Stored dataset items –
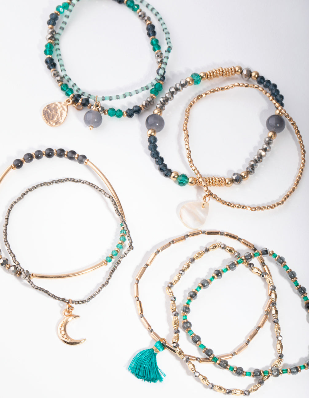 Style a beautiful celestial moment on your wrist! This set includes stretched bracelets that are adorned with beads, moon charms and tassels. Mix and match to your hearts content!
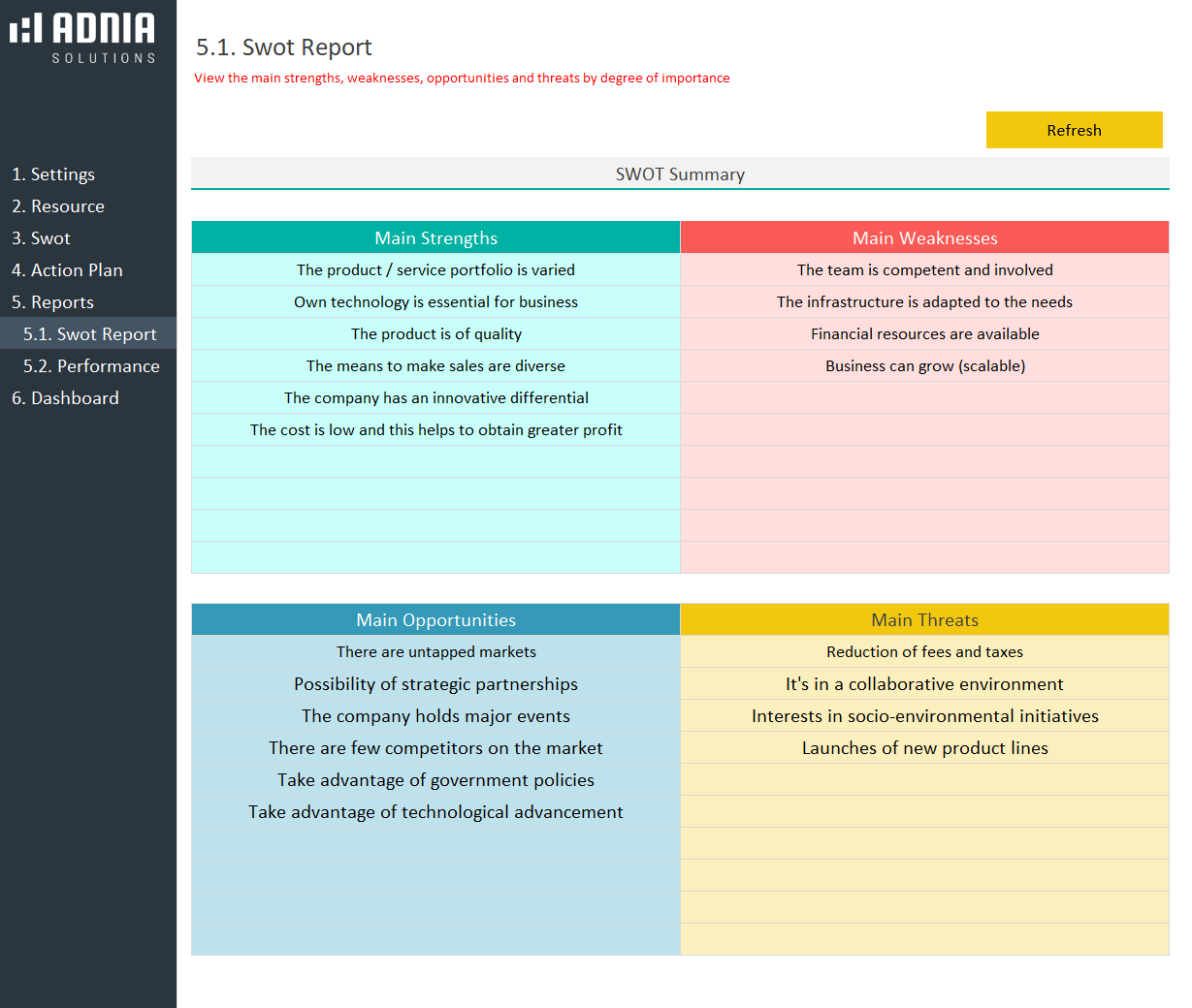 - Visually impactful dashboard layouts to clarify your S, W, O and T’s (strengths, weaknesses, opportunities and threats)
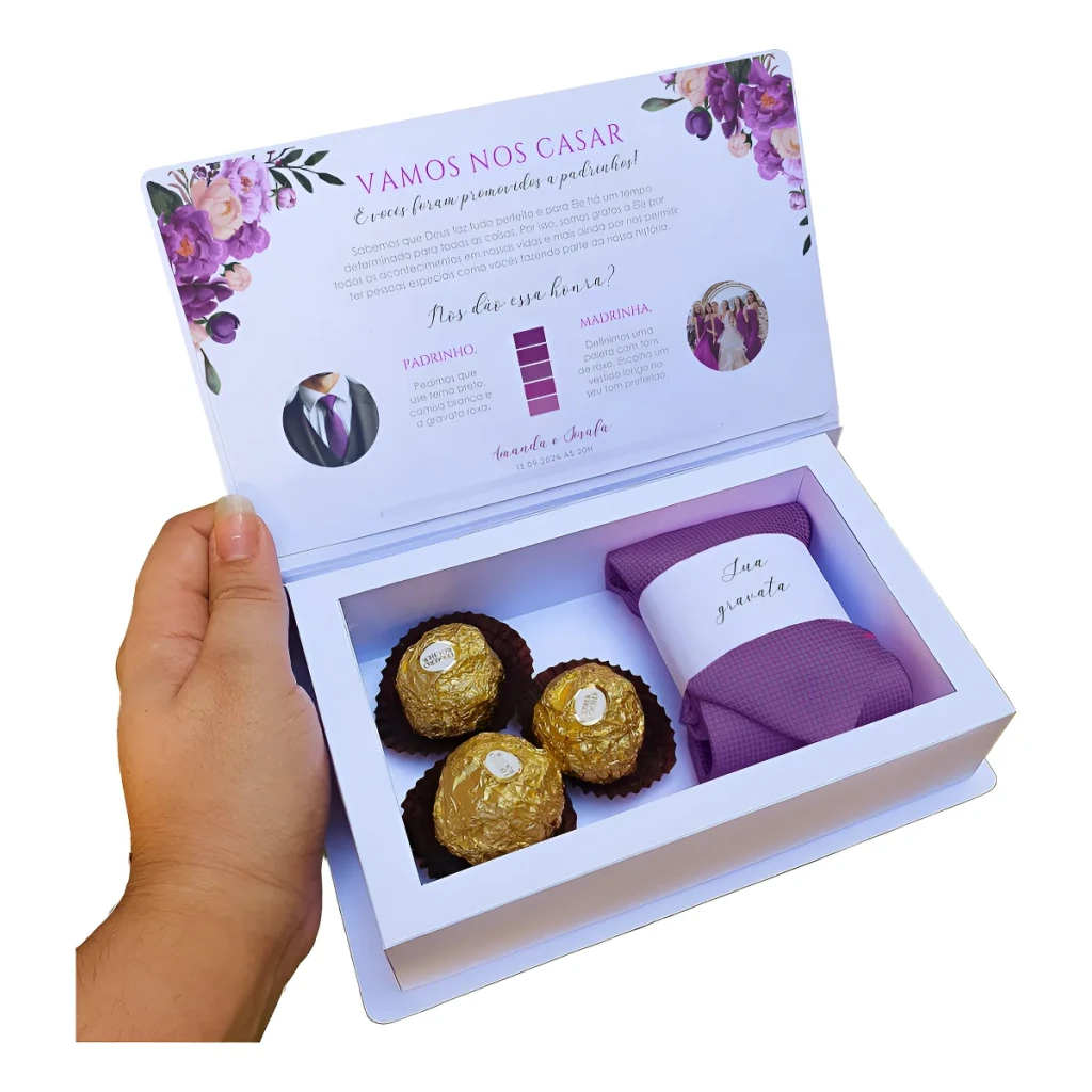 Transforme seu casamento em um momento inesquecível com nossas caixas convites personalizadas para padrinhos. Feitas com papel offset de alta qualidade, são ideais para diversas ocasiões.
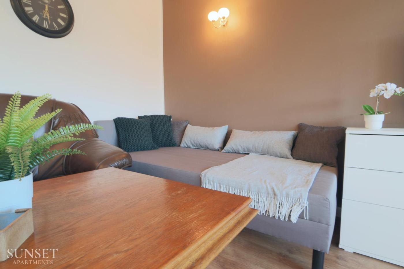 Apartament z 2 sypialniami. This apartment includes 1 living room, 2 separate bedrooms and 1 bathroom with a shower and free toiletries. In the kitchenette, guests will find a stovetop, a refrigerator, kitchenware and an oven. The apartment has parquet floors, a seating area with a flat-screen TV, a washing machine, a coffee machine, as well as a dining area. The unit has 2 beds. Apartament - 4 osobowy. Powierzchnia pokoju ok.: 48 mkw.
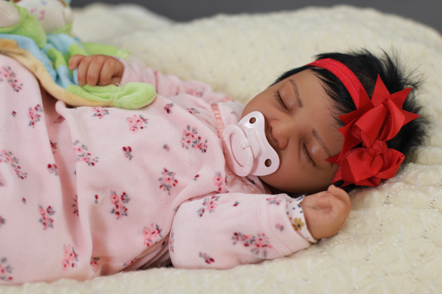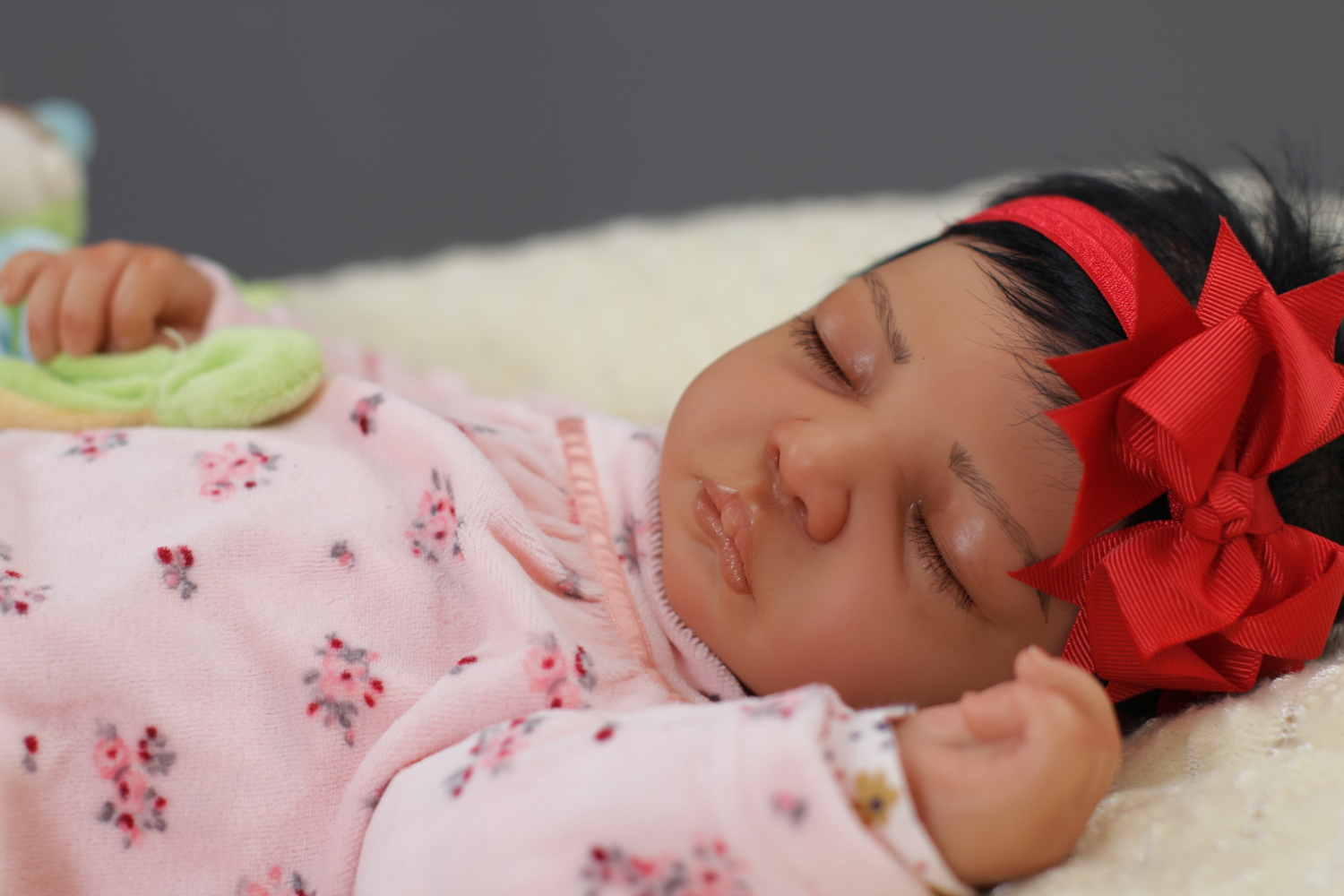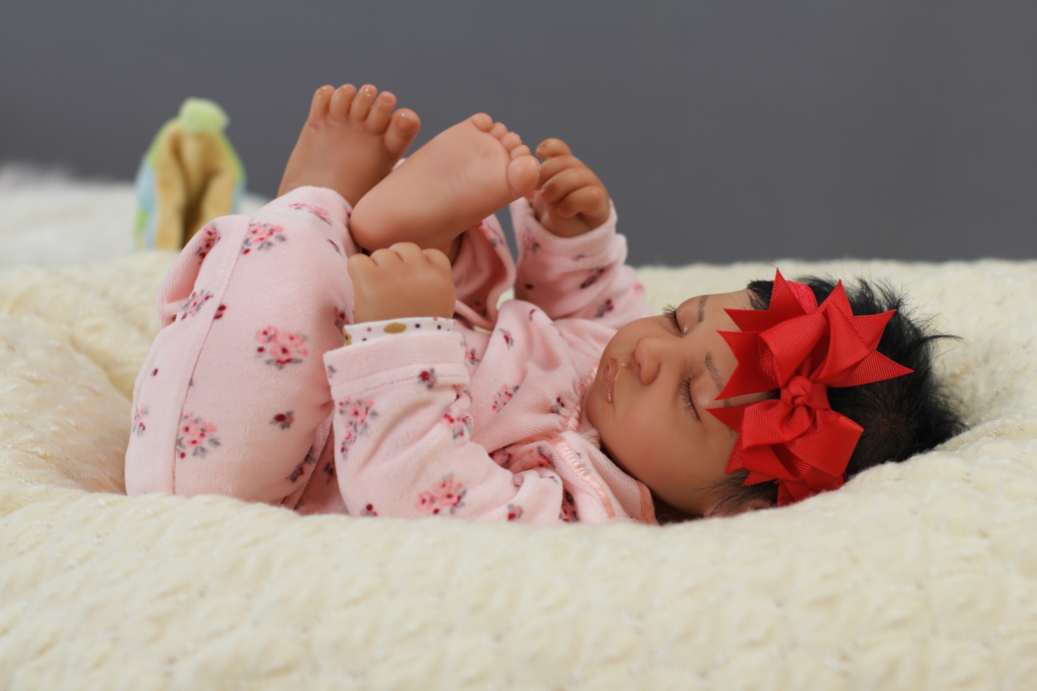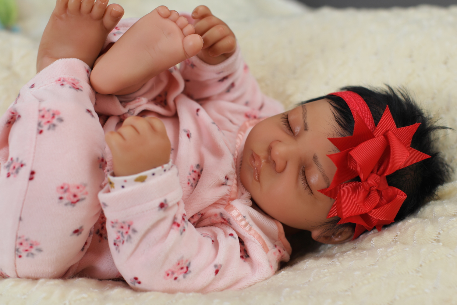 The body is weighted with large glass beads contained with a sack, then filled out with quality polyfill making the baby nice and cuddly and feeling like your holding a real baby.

THE PROBLEM –
Give exactly the lines above that run from the line with "Transforme seu casamento" to the line with "Apartament z 2", both included, leaving every picture out.

REPLY –
 Transforme seu casamento em um momento inesquecível com nossas caixas convites personalizadas para padrinhos. Feitas com papel offset de alta qualidade, são ideais para diversas ocasiões.
 Apartament z 2 sypialniami. This apartment includes 1 living room, 2 separate bedrooms and 1 bathroom with a shower and free toiletries. In the kitchenette, guests will find a stovetop, a refrigerator, kitchenware and an oven. The apartment has parquet floors, a seating area with a flat-screen TV, a washing machine, a coffee machine, as well as a dining area. The unit has 2 beds. Apartament - 4 osobowy. Powierzchnia pokoju ok.: 48 mkw.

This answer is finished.